Science does not stand still
Today, mankind has developed many ways to obtain electric current due to natural phenomena. We decided to talk today about 5 ways of generating electricity, which we consider unusual for the reason that they have not gained enough popularity. Maybe some of you will say that they are economically costly and ineffective, but this does not mean that humanity will abandon them.
These innovative methods will soon be able to be used by humans as new sources of electric current. Even with the advent of oil, mankind considered this natural resource ineffective and unknown, but today it is used in many areas of our activities.
Today, we still cannot say for sure what humanity will replace the usual electrical sources with. Perhaps one of the methods that we will describe below will become an alternative.
Salt water reserves on the planet are simply huge, so scientists decided to develop a power plant that will work on this resource. The only power plant was built in Europe by Starkraft. Electrical energy is obtained using the technology of osmosis. In simple terms, the mixing of salt and fresh water takes place, which leads to the generation of energy due to the increase in the entropy of the liquids. This energy is necessary to activate hydro turbines of electric generators.
This method is not as efficient as nuclear power plants, but it does not cause much damage to the environment.

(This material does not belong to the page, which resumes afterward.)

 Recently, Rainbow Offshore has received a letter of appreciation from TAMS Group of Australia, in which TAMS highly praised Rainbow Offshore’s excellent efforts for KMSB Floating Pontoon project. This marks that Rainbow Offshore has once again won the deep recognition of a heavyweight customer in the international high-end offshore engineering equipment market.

Today, a power plant that operates on fuel-type cells with a capacity of up to 0.5 GW has also been developed. It works by burning fuel in an element that converts heat energy into electric current. In essence, this is a diesel generator that does not use diesel fuel and a generator. The power plant does not pollute the environment, as it does not emit combustion products into the atmosphere. Also, this source of electrical energy has a high efficiency.

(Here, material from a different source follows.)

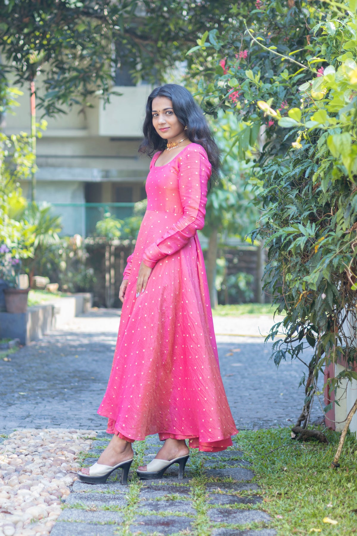 Pink Fullsleeve Umberlla Kurti

In order to obtain an electric current, you can use heat energy. This theory is more than 100 years old, but today it has become popular due to the wide application of energy saving technologies. Today, this method is also used on an industrial scale. For example, in communal heating systems, they receive heat and electricity for their needs.

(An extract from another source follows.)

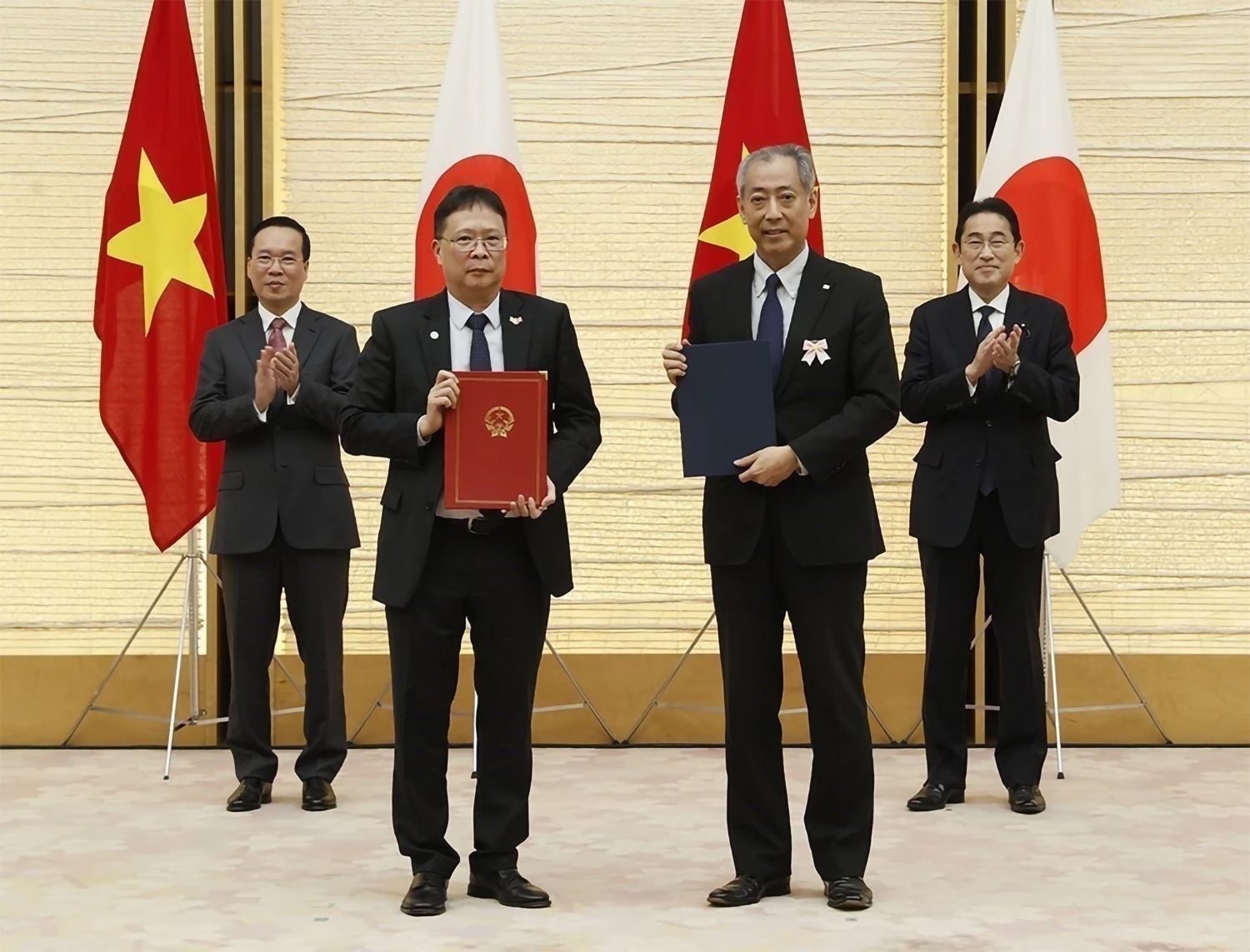 越南国家主席武文赏与日本首相岸田文雄共同见证了两国部委多项合作文件的签署,包括:

The law of conservation of kinetic energy became the basis of works to obtain electricity in experimental installations – piezoelectric generators. They are used as an experiment in high traffic areas, dance floors, railway stations and subways. There is even an idea to create “green” fitness centers and gyms, in which visitors will be able to produce up to 3.6 megawatts of electricity per year through their actions.
Did you know that there are micro-oscillations in the human body that can be converted into electrical energy? A nanogenerator is used to convert small fluctuations in the human body into electric current. Such technologies can be used to charge mobile devices. Any human movement can be used to generate electrical energy. Today, there are many developments that combine the use of nanogenerators and solar batteries.